This is just so interesting to me, from several different perspectives: Confessions of a Ghost Writer: the Good, the Bad & the Lovely

This is a post by Maya Kaathryn Bohnhoff at Book View Cafe, who has written occasional posts on this topic in the past.

I have been a full time writer since 2005. During that time, I’ve penned eight original or shared-world novels, had five of them published and am working sporadically on a tenth book (well, and an eleventh and a twelfth . . . you get the picture.)

That activity not withstanding, at least half of my income in a given year comes from [ghostwriting].

But most of what flows from my invisible pen has been fiction. This revelation inevitably leads to the question (delivered in a you’ve-got-to-be-kidding tone of voice): Who hires a ghostwriter for fiction?

Isn’t that interesting? Who would want to hire a ghostwriter to write a novel so they could put their own name on it? This just seems so odd to me. I mean, you could pick up the finished book and hold it in your hand and it would have your name on the cover, but . . . you didn’t write it. How could that possibly be satisfying in any way?
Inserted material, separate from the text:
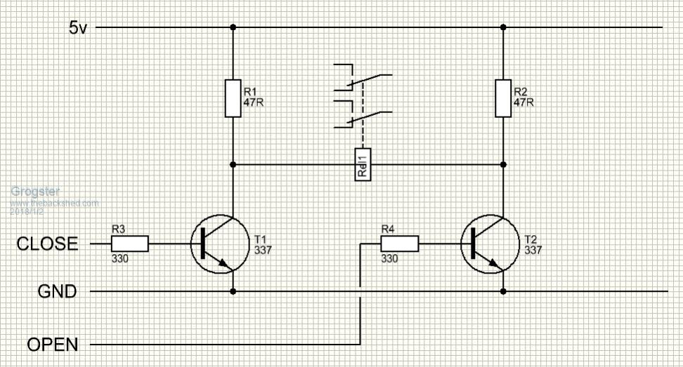 Perhaps I should clarify at this point - the relays are Panasonic latching relays, with a single coil. You have to reverse the current flow through the coil to make it latch the other way. This is done with two transistors and a couple of 47R resistors: ![]() Perhaps I can parallel up the relay coils in this arrangement, but figured a separate driver for each relay would be better design practise. I guess paralleling the relay coils would work on the same circuit when I think some more about it. Thoughts? The OPEN and CLOSE pulses from the MM are only 10mS in duration - just enough to trip the latch. The latches are 4.5v coil, so are perfect on a 5v supply less 0.6v or so loss across the transistor. Smoke makes things work. When the smoke gets out, it stops! |

Here is what Maya Bohnhoff says about that:

In my fifteen years of being a full time freelancer, my fiction clients have run the gamut from people who thought of themselves as writers, but who didn’t have the time to write, people who knew they weren’t writers but had an idea they wanted to see realized, people who knew how to write a screenplay but had no idea what to do with 300 blank pages of a book, people who had natural talent and wanted someone to write them through the process of crafting a novel so they could learn how it was done.

And some of that makes sense, I guess? Although that last category sounds less like hiring someone to write a book and more like hiring someone to teach you, exhaustively, how to write a book. I wonder if that ever actually works as a way of learning how to do it yourself?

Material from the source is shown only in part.